### [Required work]
Pictures in the records below must be left out. Return exactly the lines from the line with "Eine unbekannte Cortinarie" to the line with "Kocaeli Büyükşehir Belediyesi, şehir", both included.
---------- Data listing
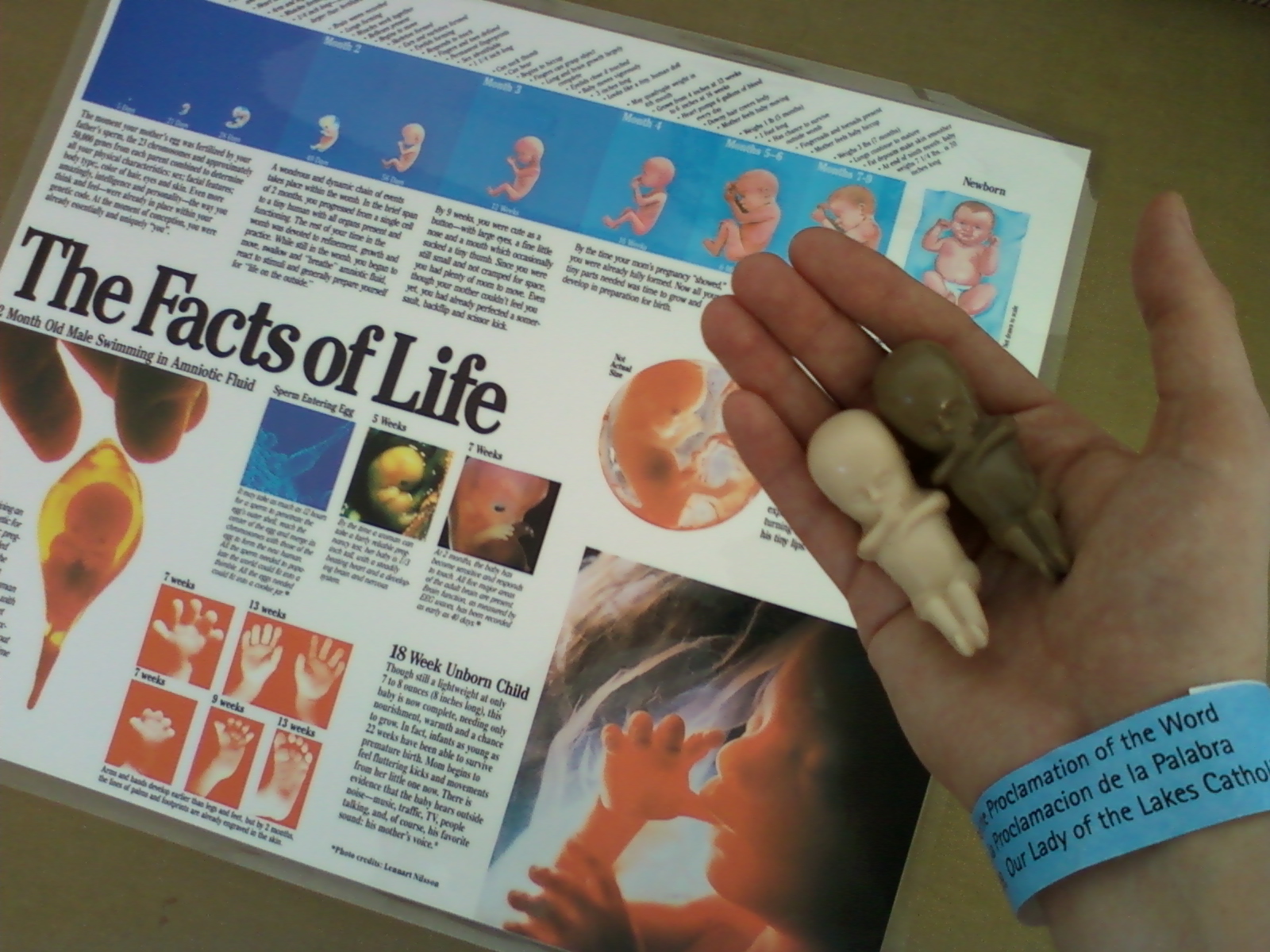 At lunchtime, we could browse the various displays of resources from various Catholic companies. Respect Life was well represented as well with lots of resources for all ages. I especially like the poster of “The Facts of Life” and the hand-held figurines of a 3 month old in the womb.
--------------------
---------- Data listing
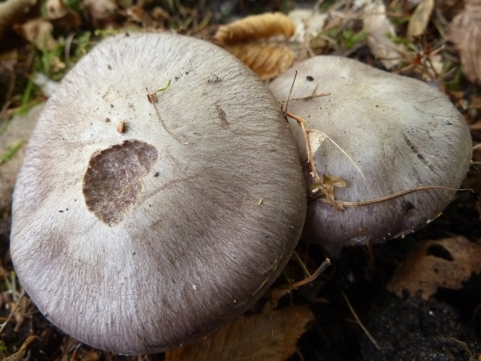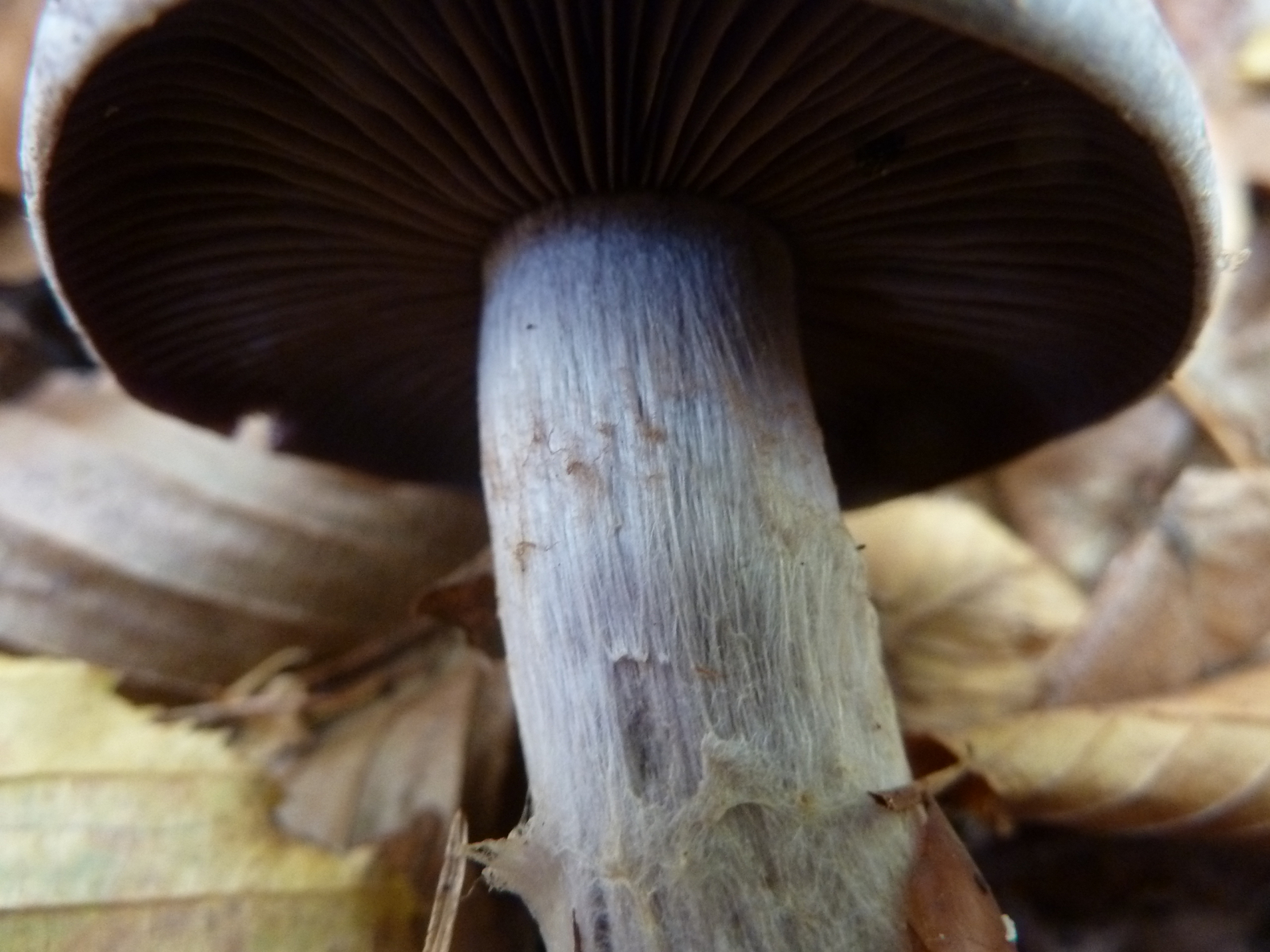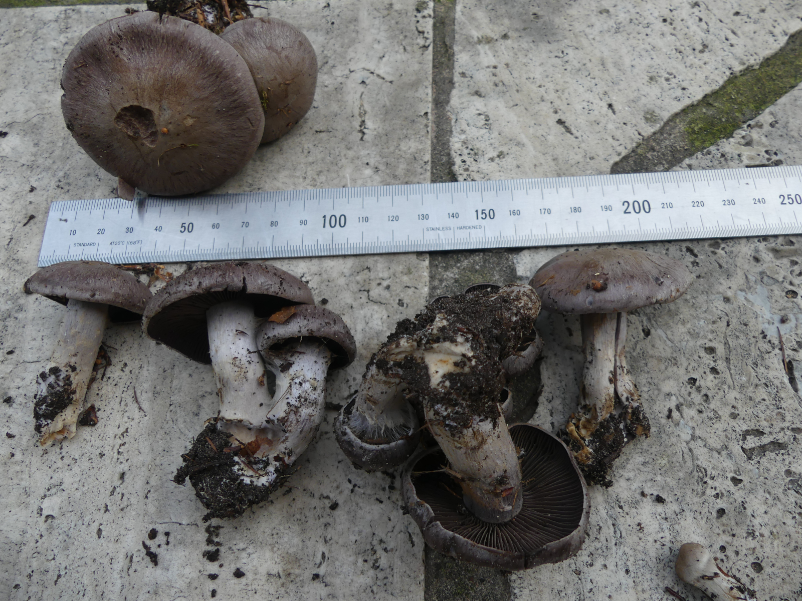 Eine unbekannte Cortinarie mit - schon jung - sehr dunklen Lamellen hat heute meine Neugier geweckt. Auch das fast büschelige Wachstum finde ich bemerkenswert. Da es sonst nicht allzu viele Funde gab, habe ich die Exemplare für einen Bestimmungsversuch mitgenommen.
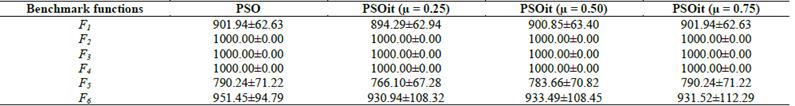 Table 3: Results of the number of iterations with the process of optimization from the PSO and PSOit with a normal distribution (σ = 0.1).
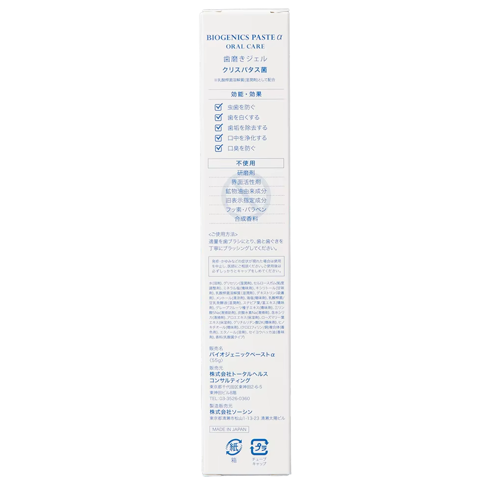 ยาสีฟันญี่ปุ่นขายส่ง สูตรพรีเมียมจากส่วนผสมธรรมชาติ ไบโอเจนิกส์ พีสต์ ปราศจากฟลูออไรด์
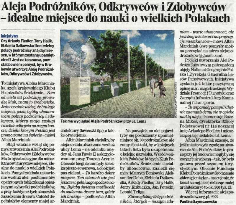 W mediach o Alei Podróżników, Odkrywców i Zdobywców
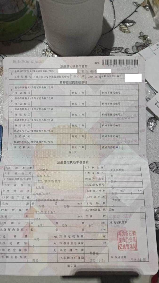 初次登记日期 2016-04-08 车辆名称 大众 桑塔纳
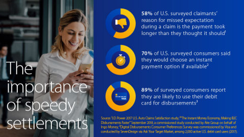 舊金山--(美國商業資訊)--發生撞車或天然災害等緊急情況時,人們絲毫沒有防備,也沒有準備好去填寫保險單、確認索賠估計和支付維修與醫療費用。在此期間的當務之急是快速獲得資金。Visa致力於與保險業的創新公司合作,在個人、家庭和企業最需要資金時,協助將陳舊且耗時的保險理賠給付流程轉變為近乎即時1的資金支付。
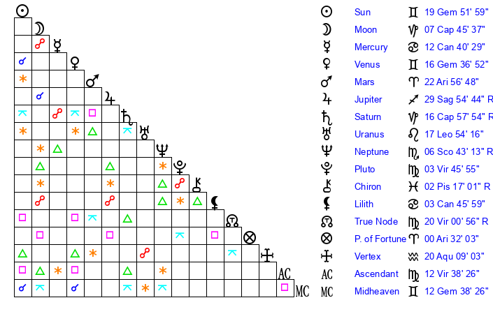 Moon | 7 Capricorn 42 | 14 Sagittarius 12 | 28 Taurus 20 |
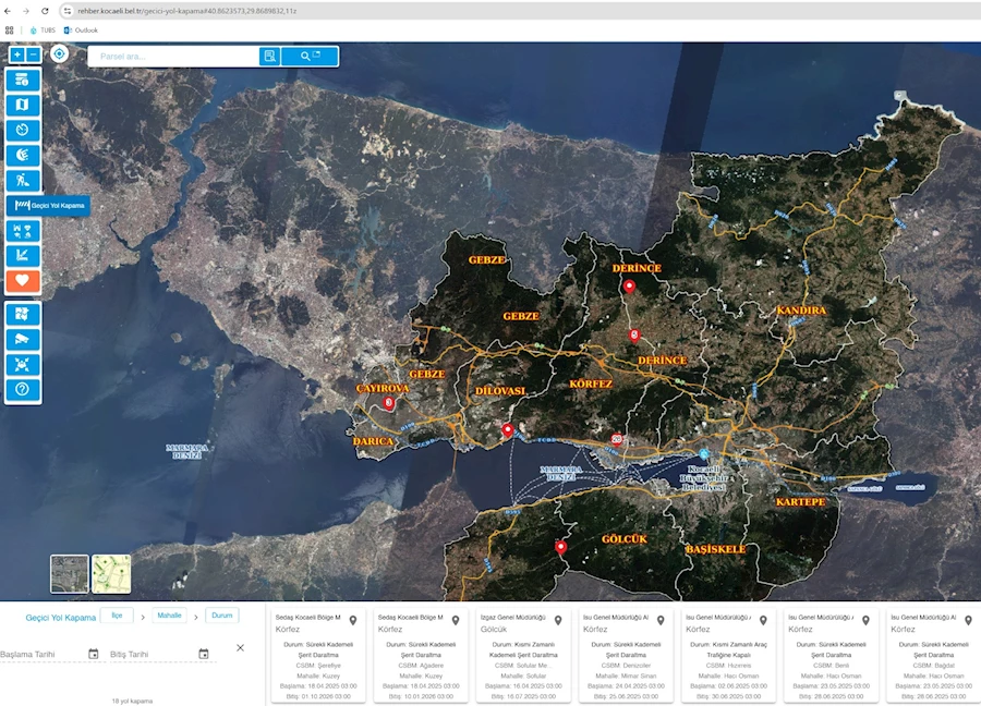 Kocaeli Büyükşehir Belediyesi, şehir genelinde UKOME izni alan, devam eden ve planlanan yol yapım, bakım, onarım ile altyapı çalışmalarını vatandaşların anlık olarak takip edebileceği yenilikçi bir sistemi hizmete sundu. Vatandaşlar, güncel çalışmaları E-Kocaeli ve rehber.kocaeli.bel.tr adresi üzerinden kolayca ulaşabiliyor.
--------------------
### [Result]
 Eine unbekannte Cortinarie mit - schon jung - sehr dunklen Lamellen hat heute meine Neugier geweckt. Auch das fast büschelige Wachstum finde ich bemerkenswert. Da es sonst nicht allzu viele Funde gab, habe ich die Exemplare für einen Bestimmungsversuch mitgenommen.
 Table 3: Results of the number of iterations with the process of optimization from the PSO and PSOit with a normal distribution (σ = 0.1).
 ยาสีฟันญี่ปุ่นขายส่ง สูตรพรีเมียมจากส่วนผสมธรรมชาติ ไบโอเจนิกส์ พีสต์ ปราศจากฟลูออไรด์
 W mediach o Alei Podróżników, Odkrywców i Zdobywców
 初次登记日期 2016-04-08 车辆名称 大众 桑塔纳
 舊金山--(美國商業資訊)--發生撞車或天然災害等緊急情況時,人們絲毫沒有防備,也沒有準備好去填寫保險單、確認索賠估計和支付維修與醫療費用。在此期間的當務之急是快速獲得資金。Visa致力於與保險業的創新公司合作,在個人、家庭和企業最需要資金時,協助將陳舊且耗時的保險理賠給付流程轉變為近乎即時1的資金支付。
 Moon | 7 Capricorn 42 | 14 Sagittarius 12 | 28 Taurus 20 |
 Kocaeli Büyükşehir Belediyesi, şehir genelinde UKOME izni alan, devam eden ve planlanan yol yapım, bakım, onarım ile altyapı çalışmalarını vatandaşların anlık olarak takip edebileceği yenilikçi bir sistemi hizmete sundu. Vatandaşlar, güncel çalışmaları E-Kocaeli ve rehber.kocaeli.bel.tr adresi üzerinden kolayca ulaşabiliyor.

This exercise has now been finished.